I already forgot the entire gist of what the voice is saying but all I can remember was, "don't forget" or "remember this." He/she was talking to me as if narrating a story and asking me to not forget. It's of utmost importance that I remember it. Then the voice showed me something. There are floating bodies being transported on an invisible conveyor belt. They are not dead, just sleeping. They were arrranged in two files, lying with their hands on their sides (like Shavasana pose). What they are wearing is an orange-y "costume" that is somehow similar to the time of Genghis Khan. They are being transported to somewhere.

It was so vivid and all I can remember was the voice was asking me to remember or to not forget.

All my life, I have been wanting to remember what was it that I was supposed to not forget. I was afraid to tell this to anyone, even to my parents, out of fear that they won't believe me, think that I'm losing my mind, or just inventing a story. I came to a point that even me, I am questioning myself if it really happened or just a product of my very colorful imagination. But how can a three or four year old invent something like that? đŸ¤” 

Anyway, I am sharing this now not for anyone's approval or validation.

At 35 years old, I quite remember what that voice was asking me to remember or not forget.
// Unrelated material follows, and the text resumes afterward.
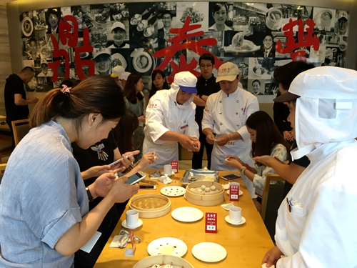 鼎泰丰举办包小笼包的活动教食客们如何包包子
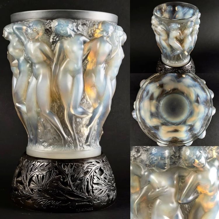 11. Ваза «Вакханки» работы Рене Лалика. Опаловое стекло со свинцовой патиной на бронзовом основании, Франция. Начало XX века

I thought that remembering is like a normal memory that you can get back in an instant. Remembering is a journey of collecting tiny information, like a baby eating from a spoon, then graduating to bigger and bigger meals. 

Finding the truth, I was obsessed with the Bible until I almost becamea Born Again Christian. Then it was not enough, I almost converted to Islam. Until I became an agnostic to being a negative and hating atheist, I finally had my awakening.

I guess, I wanna share this now after so long because I want to share to whoever reading this that life is so much more than what we are told. Listen to your instincts, don't be afraid to question existing dogmas, and find your truth. You will find it. 

Wednesday, August 21, 2019

Reset: New Home, Learnings, and Awakening

I moved to a new place on the last day of July after four years of living in my previous place. So I opened August living in a new home, new bed, and (some) new furnishings with my two cats. I needed this. It gave me a different perspective and approach to life. It allowed me to feel a "reset" in my life.

July was a heavy month, wasn't it? With all the retrograde energy and the negativities, August was really a breath of fresh air.

Since moving here, I have made it as a daily ritual to meditate at least once a day. One in the morning, after feeding the cats and the plants (before breakfast) and second, before going to sleep (as a day-finisher).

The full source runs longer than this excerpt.